Alongside the two major funds, there is spending to reduce climate change impacts by various non-government organisations, foreign sources, and even private households.

As of June 2013, developed nations had made climate finance pledges of $594 million to Bangladesh, although much of the money has yet to be delivered. In addition, the South Asian nation had received $147 million out of $149 million promised by a group of wealthy states through BCCRF, the multi-donor fund administered by the World Bank.

NO CLEAR SPENDING PICTURE

Rezai Karim Khondker, a professor at the Dhaka School of Economics and head of the team building the climate fiscal framework, said so far there has been no clear calculation of how much money was being spent on climate change and from which sources.

“The framework aims at bringing coordination in climate change-related spending,” he said.

Khondker said a large amount of money was needed to combat the impacts of climate change on low-lying Bangladesh. The framework will help keep a tally of the sources of funds and also of where those are being spent, and for what purpose.

Experts and various civil society organisations have raised questions about transparency in climate fund spending and produced evidence of mismanagement of money. The Bangladesh chapter of Transparency International (TIB) last October released a study on climate fund governance which revealed political influence, nepotism and corruption in the selection of non-governmental organisations (NGOs) to carry out work on the ground.

It said some groups paid 20 percent of their allocation as “commission” in order to be chosen for adaptation projects.

Transparency International Bangladesh Executive Director Iftekharuzzaman told Thomson Reuters Foundation that civil society organisations have been demanding transparency and accountability in climate fund spending from the very beginning.

“There should be policy directives for spending funds in need-based projects. Transparency has to be ensured at the implementation level so that people who are in need benefit,” he said.

BASIS FOR COMPENSATION?

Iftekharuzzaman said industrialised nations, who are primarily responsible for climate change, should offer compensation for countries hardest hit by climate impacts, but are unlikely to do so without transparency in how funds are being spent.

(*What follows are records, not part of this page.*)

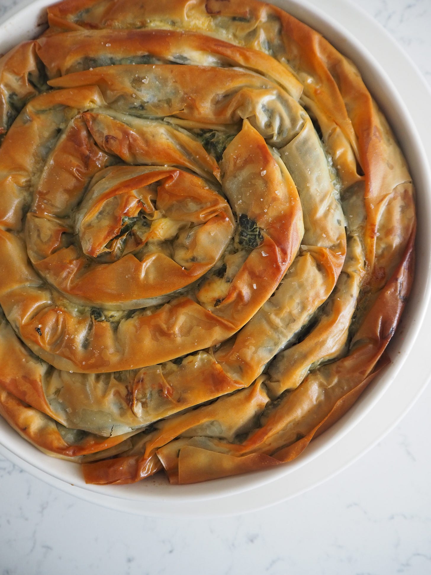 Spinach pie appears in many forms and cultures, across Europe and the Middle East, it is simple, comforting and endlessly adaptable. Here I am sharing my version of a spinach pie with feta cheese and dill wrapped in crisp filo pastry. I found this method of shaping the filling into rolls, then coiling them into a circular spiral to form the pie. Not only does it create the perfect ratio of filling to pastry, it is easy to assemble and looks impressive too. I would recommend serving the spinach pie warm with a tomato salad and some hard boiled eggs. It also makes wonderful leftovers for lunch the following day.
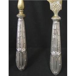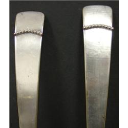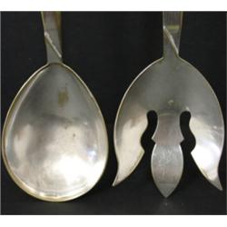4 TOTAL PIECES OF SILVER consisting of 2 piece carving set, one meat fork, & large serving spoon. Carving set has Sterling handles. Meat fork & large serving spoon are silver plate and are hallmarked.
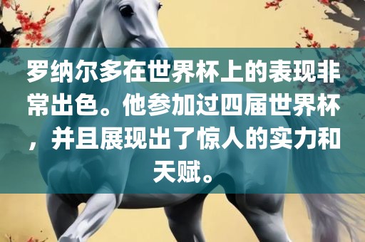 罗纳尔多在世界杯上的表现令人瞩目。他参加过四届世界杯,展现出了惊人的实力和天赋。他的出色表现使他成为足球界的一位传奇人物。他的球技和速度使他成为比赛中的关键人物,赢得了球迷和评论家的赞誉。他的表现令人难以忘怀,成为世界杯历史上的一个重要组成部分。
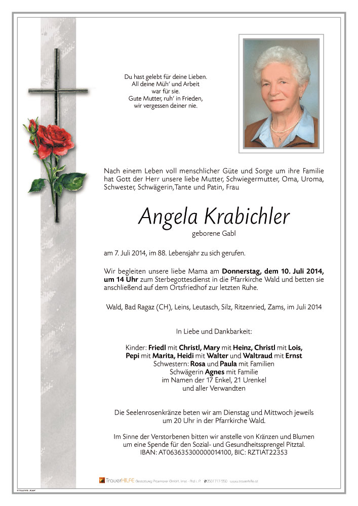 Zum Heimgang von Angela möchte ich euch mein herzliches Beileid ausdrücken und wünsche euch allen viel Kraft für die schwere Zeit!09.07.2014 07:19 - Manuel Santer
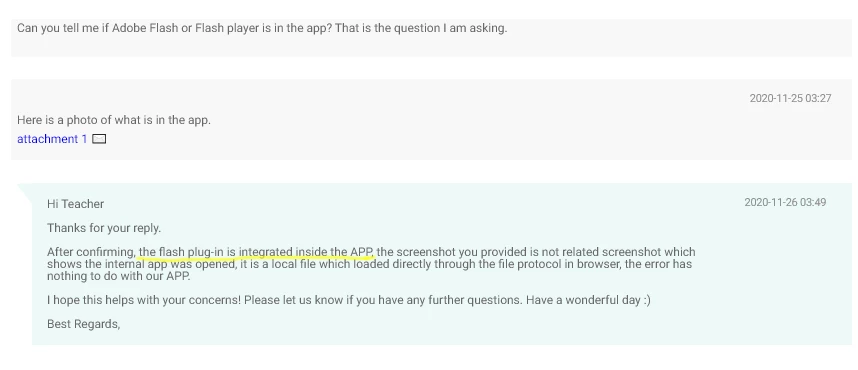 I am one of several hundred thousand people in the United States who is an online English teacher for students in China. To teach, my company requires me to use their app on my Windows 10 computer. I am able to see the files in the app (see attachment). The app contains Adobe Flash Player. Flash Player will still work in mainland China after December 31, 2020. (See attachment.) I assume that because the company I work for is in China, Flash Player will still work on my computer after January 12, 2021, but at an ever-increasing risk to the end users (teachers) because security updates for Flash will end on December 31, 2020.
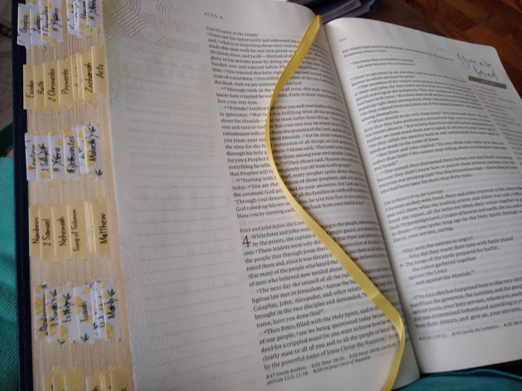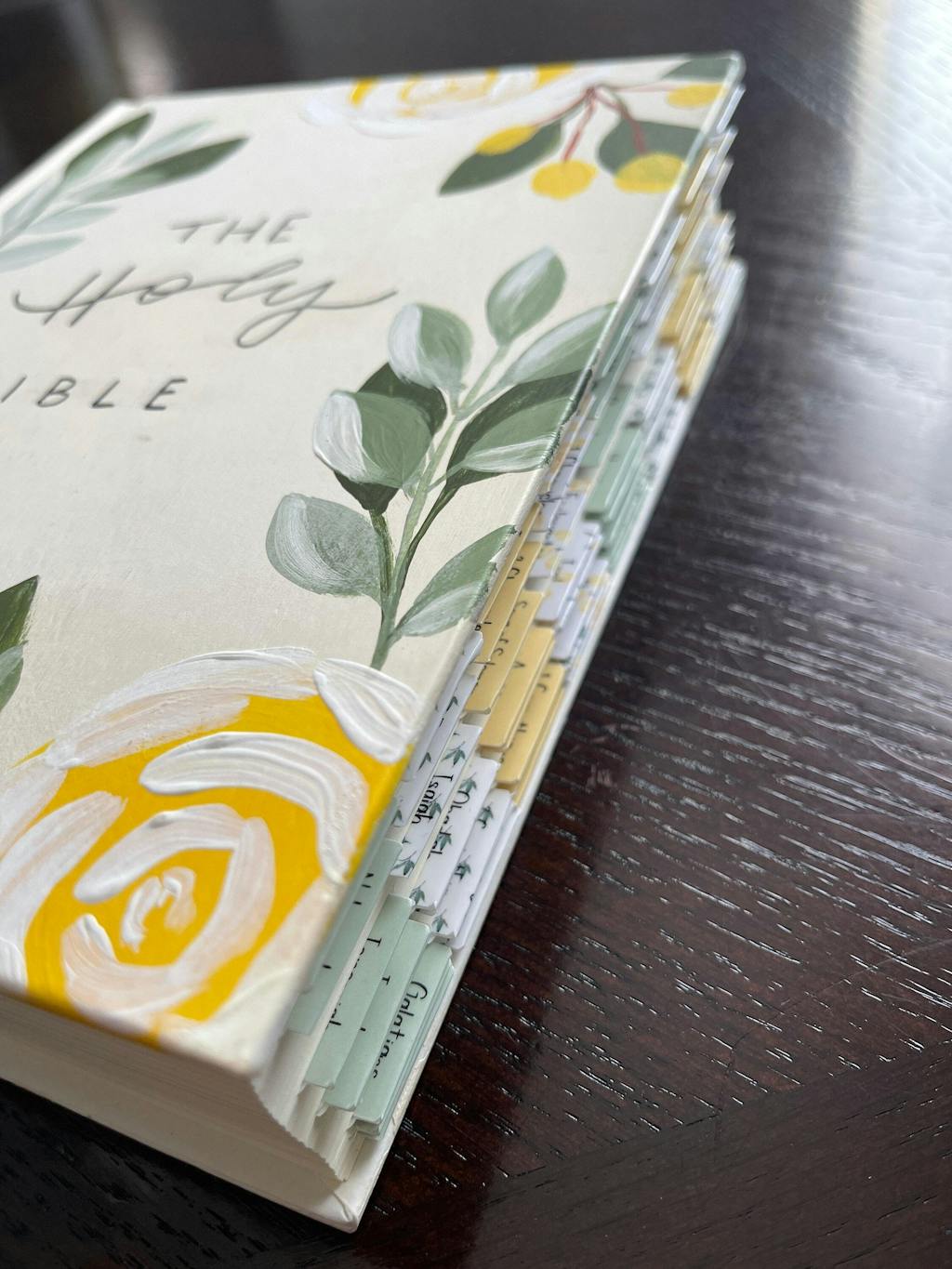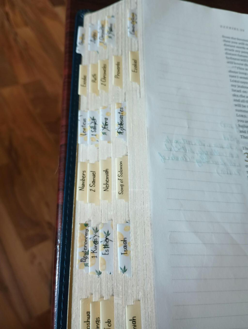 *Tenga en cuenta que si necesita levantar la pestaña para alinearla correctamente, retírela con cuidado antes de asegurarla en su lugar o sellarla en el lado opuesto de la página. Aún puedes quitarlo suavemente antes de asegurarlo dependiendo del tipo o papel de tu Biblia.
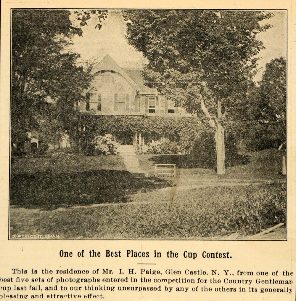 This is an original 1907 black and white print ad for the Country Gentleman's Cup Contest. The ad has a picture of Mr. I. H. Paige's residence in Glen Castle, New York.
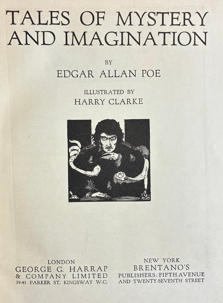 [CLARKE, Harry]. Tales of Mystery and Imagination. By Edgar Allan Poe. Illustrated by Harry Clarke. London & New York: George G. Harrap / Brentano’s [1923]. 4to, 383pp. Black cloth with spine decoratively stamped in gilt and with pictorial label affixed to front; top edge stained black. 8 color plates and 24 full-page b&w illustrations. Spine ends and corners a tad rubbed, slight rippling to cloth at top corner of rear board and top center of front board, previous owner’s bookplate affixed to front free endpaper, endpapers a tad aged, else a clean, tight copy.
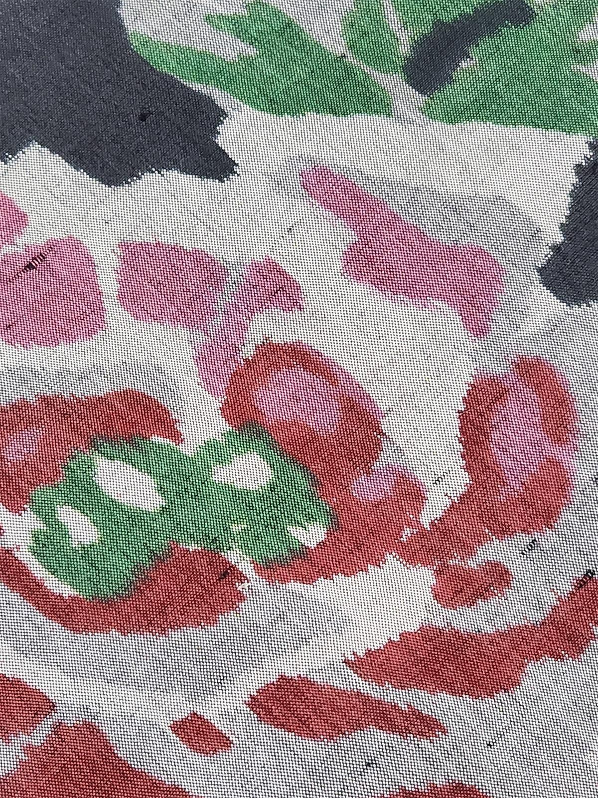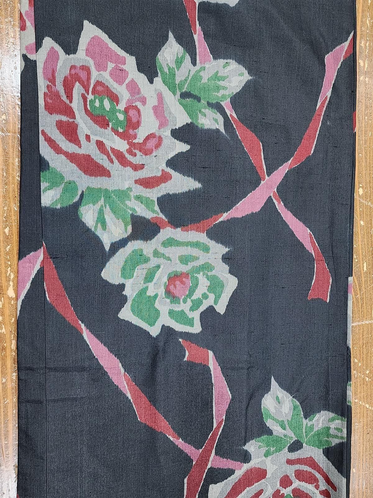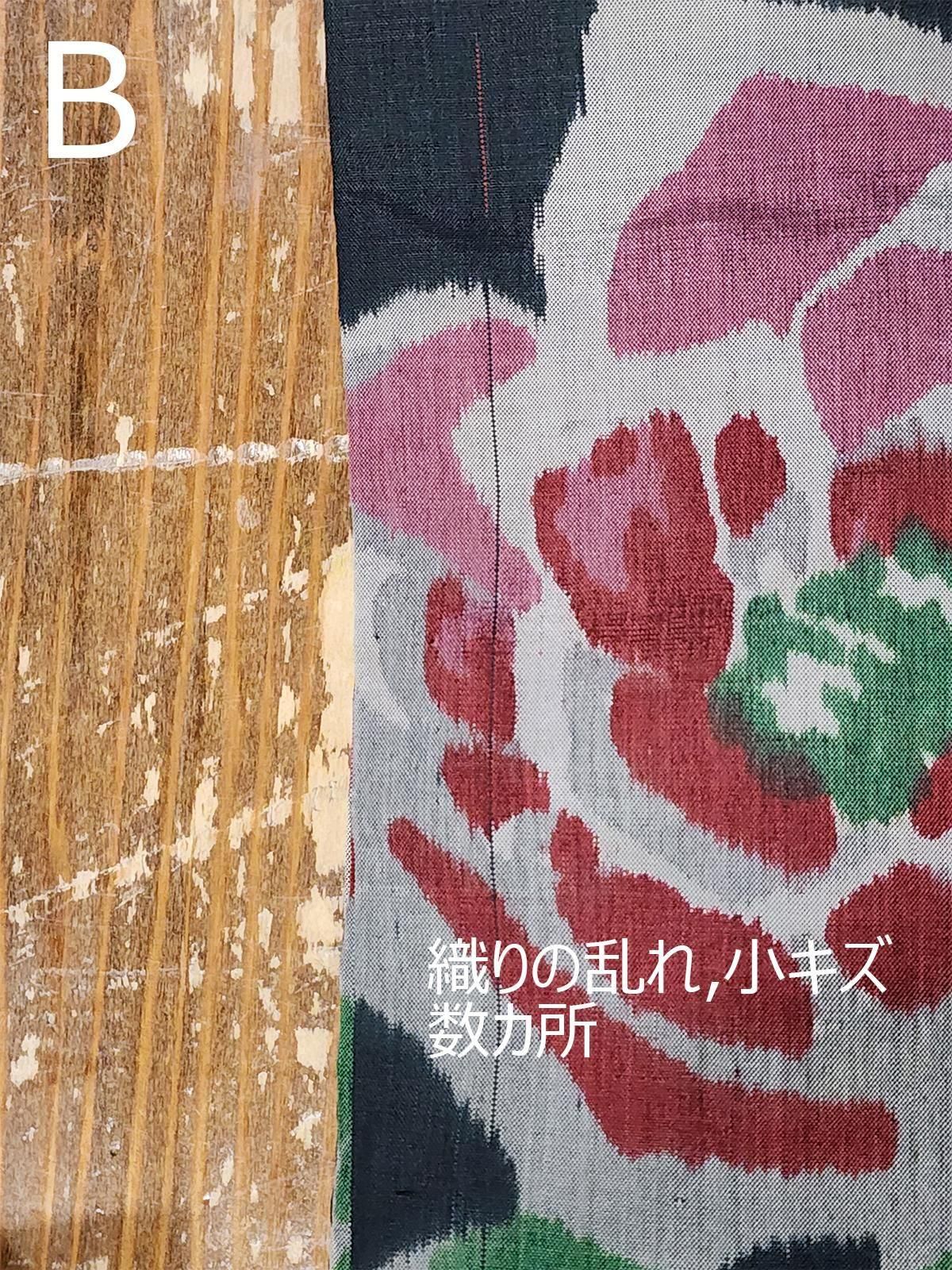 - デザイン:憂いをおびたアッシュブラックの地に、ルージュとスモークピンク、グリーンのカラーリング美しく織りだされたドラマチックな大輪の薔薇。ローズ色のリボンが空間をつなぎ、銘仙ならではのアートな遊び心を生み出します。
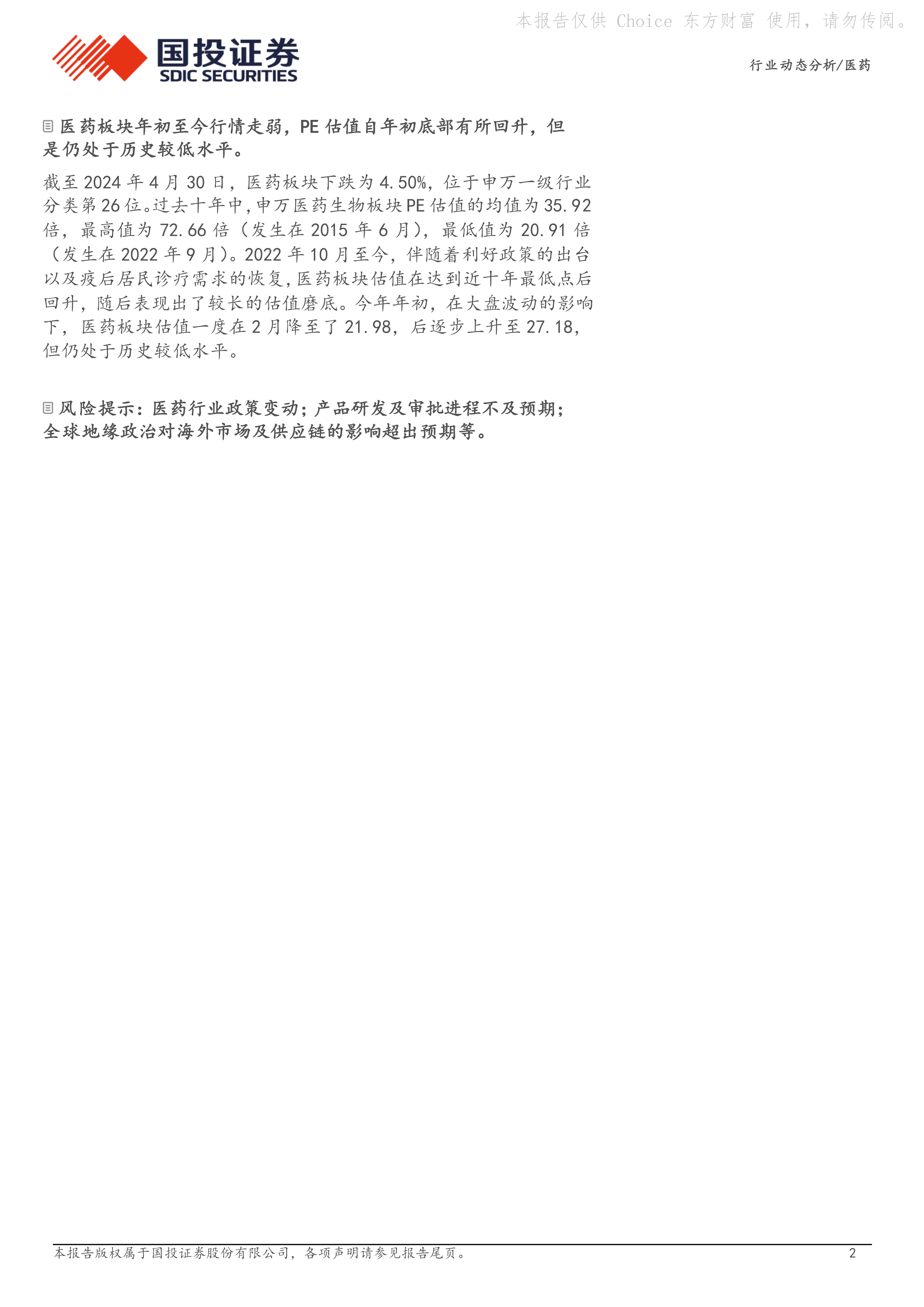 本部分分析了2024年第一季度医药板块的运行情况。数据显示,截至2024年4月30日,医药板块下跌4.50%,位于申万一级行业分类第26位。板块PE估值自年初底部有所回升,但仍处于历史较低水平(27.18倍),远低于过去十年的平均值(35.92倍)。
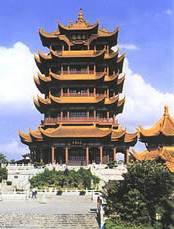 黃鶴樓原址湖北武昌蛇山黃鶴磯頭,始建于三國時期吳黃武二年(公元223年),傳說是為了軍事目的而建,亦有傳說指其原為辛氏開設(shè)的酒店。1957年建長江大橋武昌引橋時,占用黃鶴樓舊址,如今重建的黃鶴樓在距舊址約1千米左右的蛇山峰嶺上。其樓共五層,高50.4米,攢尖頂,層層飛檐,四望如一。在主樓周圍還建有勝象寶塔、碑廊、山門等建筑。整個建筑具有獨特的民族風(fēng)格。
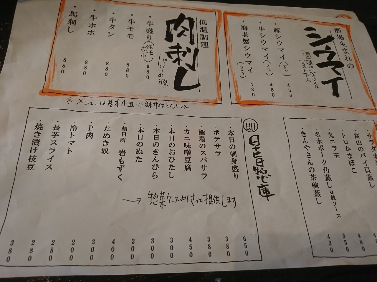 メニューはこんな感じ。肉刺しも気になるところだけど、『名水ポーク角蒸し』とか『たぬき奴』とか、下半分にも気になるメニューが目白押し。どれも日本酒に合いそうなところが素晴らしいと思うんだ。
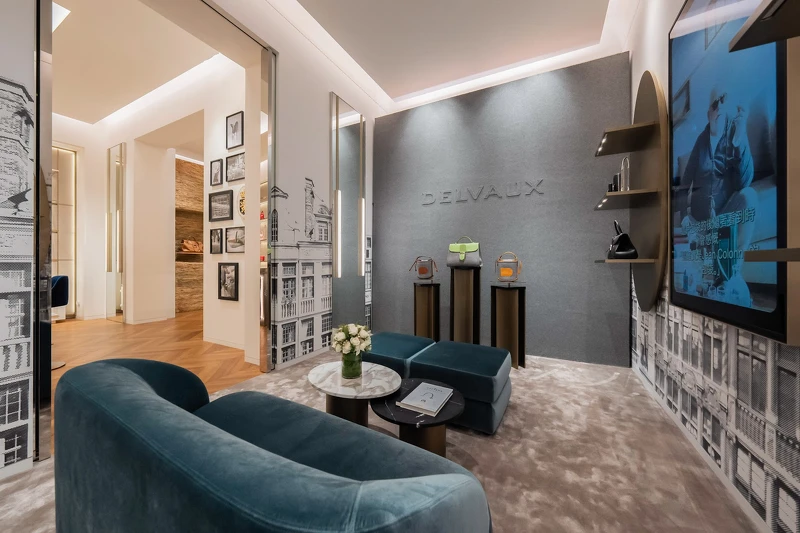 全新專門店以歐式宅邸風格注入比利時風采,運用簡約俐落的金屬線條劃分空間,牆面紋理靈感則是來自於古典歐洲宮廷,搭配鏤空的金屬陳架,與Delvaux巴黎Saint-Honoré旗艦店的設計相呼應。

“Unless the good governance of funds is ensured, they won’t cooperate,” he said.

He said participation of civil society and experts needs to be increased in governance of climate funding, and that people with conflicts of interest need to be kept out of policy decisions.

Ainun Nishat, a noted environmentalist and vice chancellor of Brac University, agreed that monitoring mechanisms for climate spending have to be made stronger to ensure transparency, and that the decision to create a climate fiscal framework was “timely.”

“Steps have to be taken to eliminate the causes of slow release of funds by the donors,” he said.

Nishat said information on spending of climate funds and on projects underway should be made publicly available via websites to help reduce misuse of funds.